[Collected data]
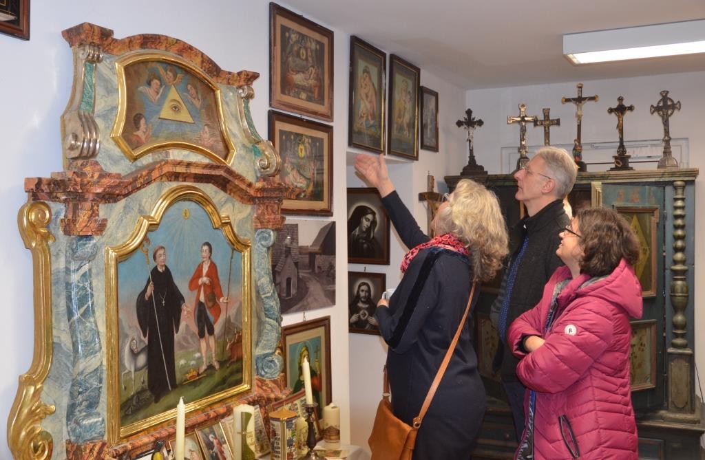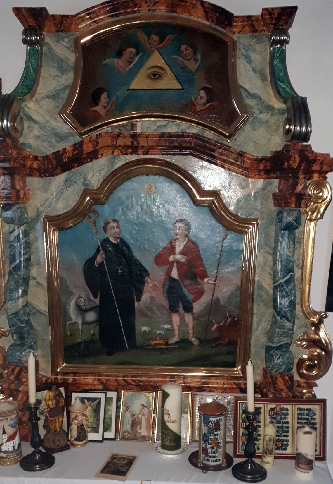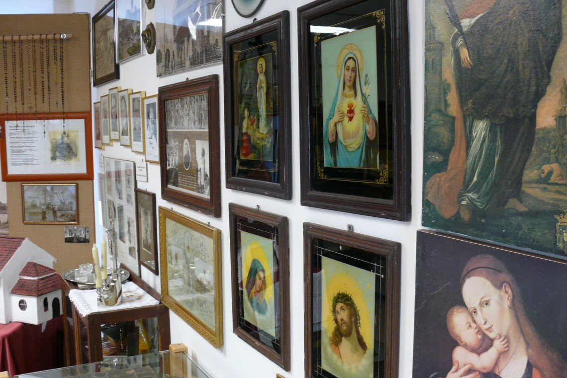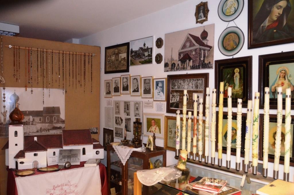 Unsere neueste „Errungenschaft“ ist der Sakralraum mit dem restaurierten Altar der Oderer Dorfkapelle. Das Altarbild zeigt die Bauernheiligen Wendelin und Bilder von Heiligen, wertvolle Gebet- und Kirchenbücher, Kreuze, Weihwasserkessel oder Rosenkränze „umrahmen“ den Mittelpunkt des Raumes. Darüber hinaus sieht man Fotos und ein Schülermodell der alten Kirche mit dem 1927 getätigten und 1969 wieder abgerissenen Anbau. Die St. Martinskirche ist heute ein moderner Rundbau (an das Pantheon in Rom erinnernd schrieb das Bistumsblatt), die „ verkleinerte alte Kirche“ ist St. Wendelin mit Epitaphen der Grafen Leoprechting und Reisach, die Steinberg in der Hofmarkszeit prägten. Mit viel Liebe und Mühe zusammengetragen wurden Steinberger Sterbebilder zwischen 1890 und jetzt. Die Sterbebilder der Gefallenen sind im OG beim Fahnenschrank des ehemaligen Krieger- und Militärvereins (jetzt SRK).
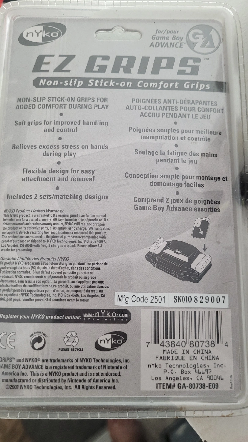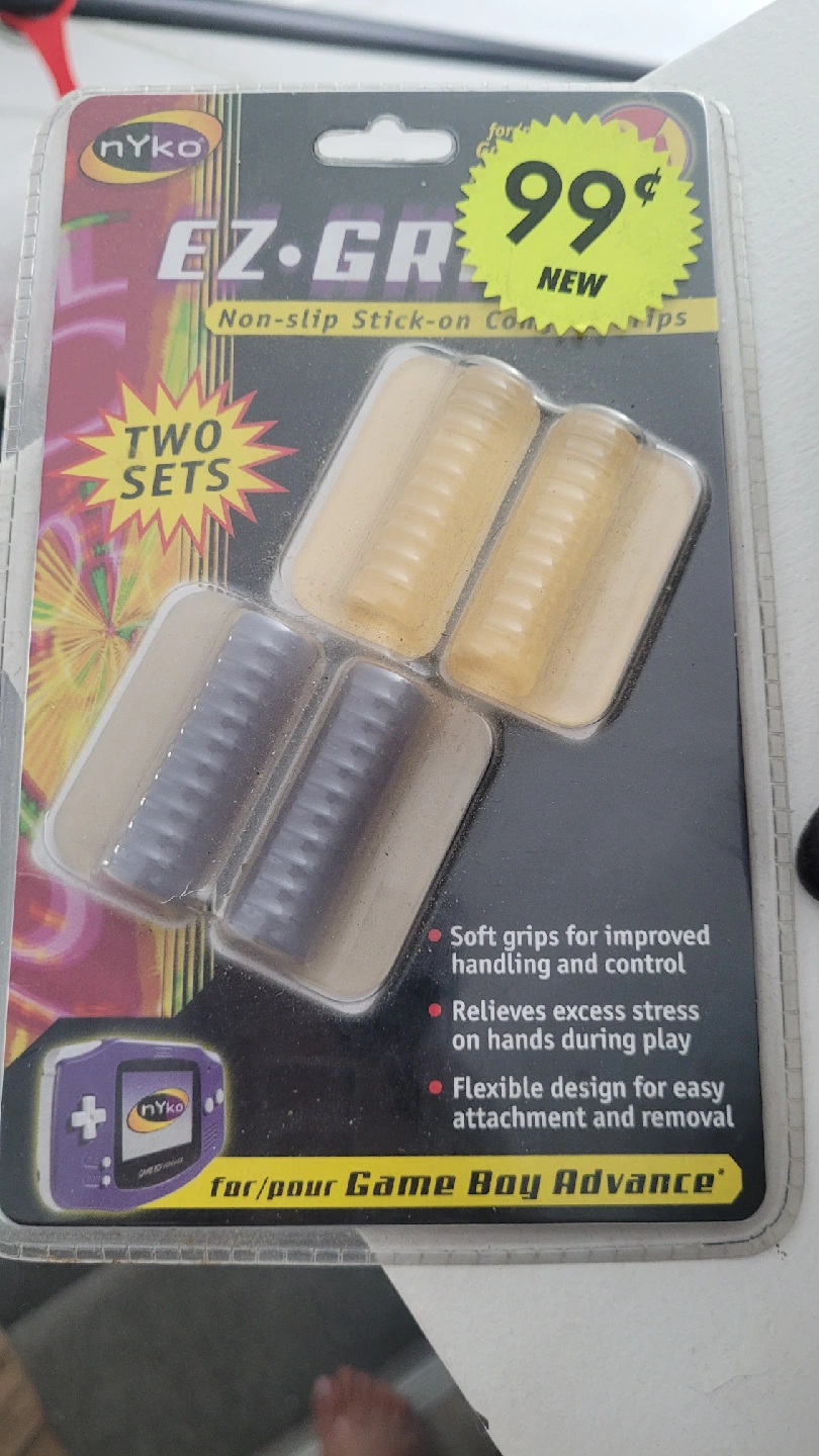 Brand new Nyko EZ-Grips for your Game Boy Advance! These non-slip stick-on comfort grips are designed for added comfort during play. They help relieve excess stress on hands and are easy to attach and remove. Includes 2 matching sets. Originally priced at $0.99
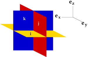 If we stick to stuff in two dimensions, our lives aren’t very complicated. There is only one plane in which to rotate, but in three dimensions, you have an infinite number of planes for rotation! Well, that’s overstating the problem: just like we can pick three perpendicular directions (east-west, north-south, and up-down), we can pick three perpendicular planes for rotations and write all the others as combinations of those three. In fact, thanks to our tutorial in two dimensions, we are already primed to think of planes of rotation using quaternions, so let’s label each plane with a quaternion unit, standing for bivectors. Rotation in a clockwise direction in the x-y plane is indicated by i, rotation in the y-z plane is indicated by j, and in the z-x plane is indicated by k.
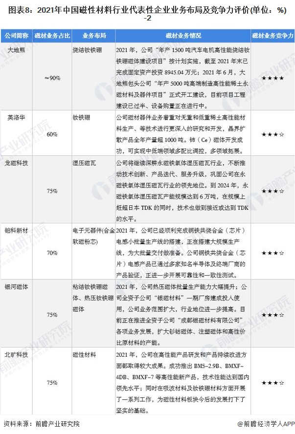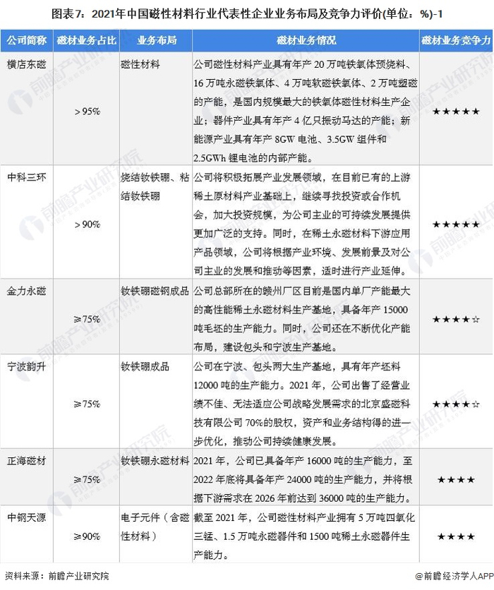 5、中国磁性材料行业企业布局及竞争力评价
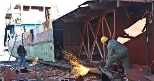 在公安縣楊家廠鎮,一艘由運輸船舶改裝的采砂工程船長58米、寬10.57米,載重685噸,該船舶屬于“三無”船舶,縣水利湖泊局聯合多部門對這艘“三無”船舶進行拆卸。
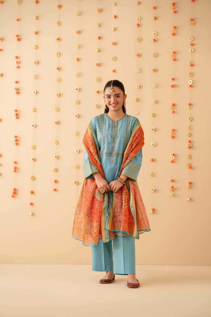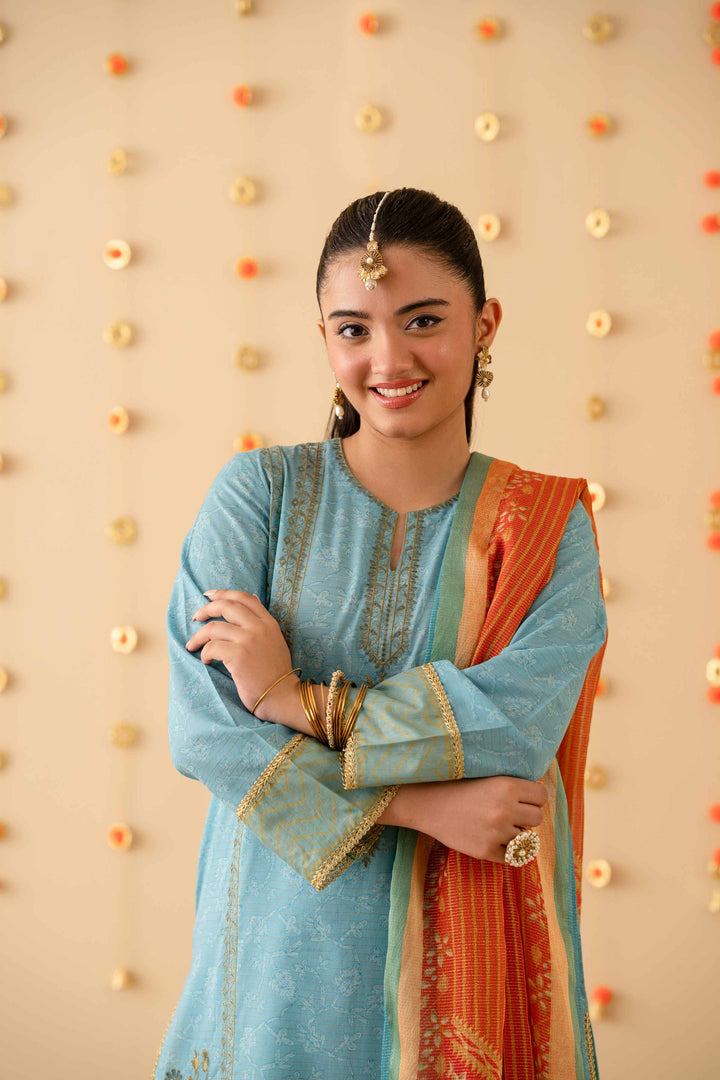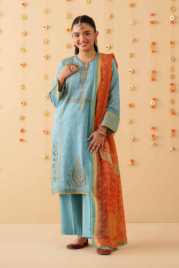 Elevate your wardrobe with this printed embroidered three-piece suit from the latest Pret summer collection, designed to enhance the value and style of your entire outfit.
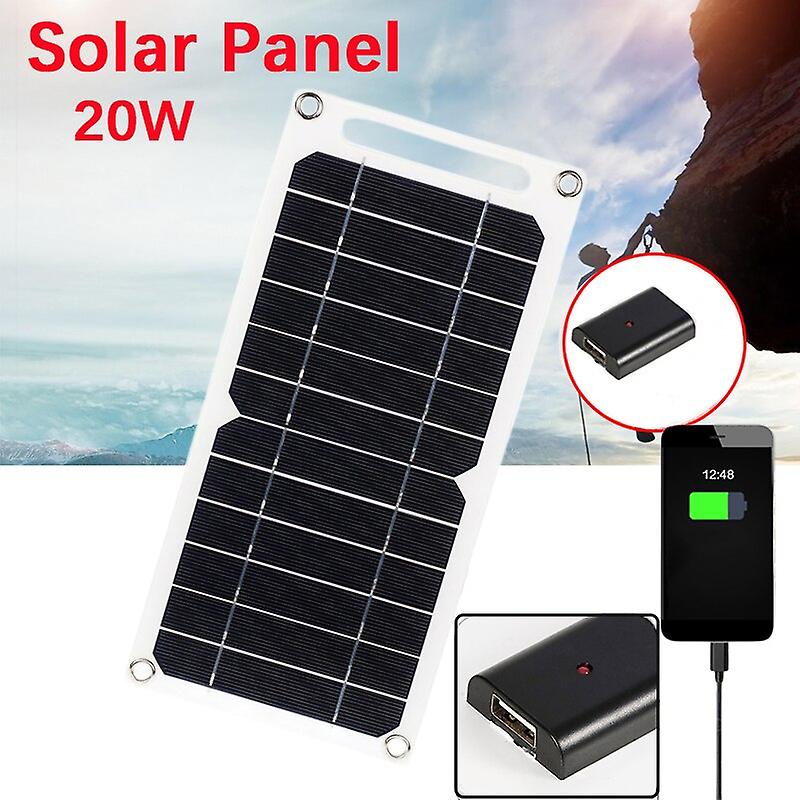 20w 5v Outdoor Monocrystalline Solar Panel Usb Solar Cell Phone Charger Waterproof Hike Camping Portable Cells Power Bank Panels

• [Problem to solve]:
Your copy should hold every entry exactly as written, but none of the pictures.

• [Response to the task]:
 Unsere neueste „Errungenschaft“ ist der Sakralraum mit dem restaurierten Altar der Oderer Dorfkapelle. Das Altarbild zeigt die Bauernheiligen Wendelin und Bilder von Heiligen, wertvolle Gebet- und Kirchenbücher, Kreuze, Weihwasserkessel oder Rosenkränze „umrahmen“ den Mittelpunkt des Raumes. Darüber hinaus sieht man Fotos und ein Schülermodell der alten Kirche mit dem 1927 getätigten und 1969 wieder abgerissenen Anbau. Die St. Martinskirche ist heute ein moderner Rundbau (an das Pantheon in Rom erinnernd schrieb das Bistumsblatt), die „ verkleinerte alte Kirche“ ist St. Wendelin mit Epitaphen der Grafen Leoprechting und Reisach, die Steinberg in der Hofmarkszeit prägten. Mit viel Liebe und Mühe zusammengetragen wurden Steinberger Sterbebilder zwischen 1890 und jetzt. Die Sterbebilder der Gefallenen sind im OG beim Fahnenschrank des ehemaligen Krieger- und Militärvereins (jetzt SRK).
 Brand new Nyko EZ-Grips for your Game Boy Advance! These non-slip stick-on comfort grips are designed for added comfort during play. They help relieve excess stress on hands and are easy to attach and remove. Includes 2 matching sets. Originally priced at $0.99
 If we stick to stuff in two dimensions, our lives aren’t very complicated. There is only one plane in which to rotate, but in three dimensions, you have an infinite number of planes for rotation! Well, that’s overstating the problem: just like we can pick three perpendicular directions (east-west, north-south, and up-down), we can pick three perpendicular planes for rotations and write all the others as combinations of those three. In fact, thanks to our tutorial in two dimensions, we are already primed to think of planes of rotation using quaternions, so let’s label each plane with a quaternion unit, standing for bivectors. Rotation in a clockwise direction in the x-y plane is indicated by i, rotation in the y-z plane is indicated by j, and in the z-x plane is indicated by k.
 5、中国磁性材料行业企业布局及竞争力评价
 在公安縣楊家廠鎮,一艘由運輸船舶改裝的采砂工程船長58米、寬10.57米,載重685噸,該船舶屬于“三無”船舶,縣水利湖泊局聯合多部門對這艘“三無”船舶進行拆卸。
 Elevate your wardrobe with this printed embroidered three-piece suit from the latest Pret summer collection, designed to enhance the value and style of your entire outfit.
 20w 5v Outdoor Monocrystalline Solar Panel Usb Solar Cell Phone Charger Waterproof Hike Camping Portable Cells Power Bank Panels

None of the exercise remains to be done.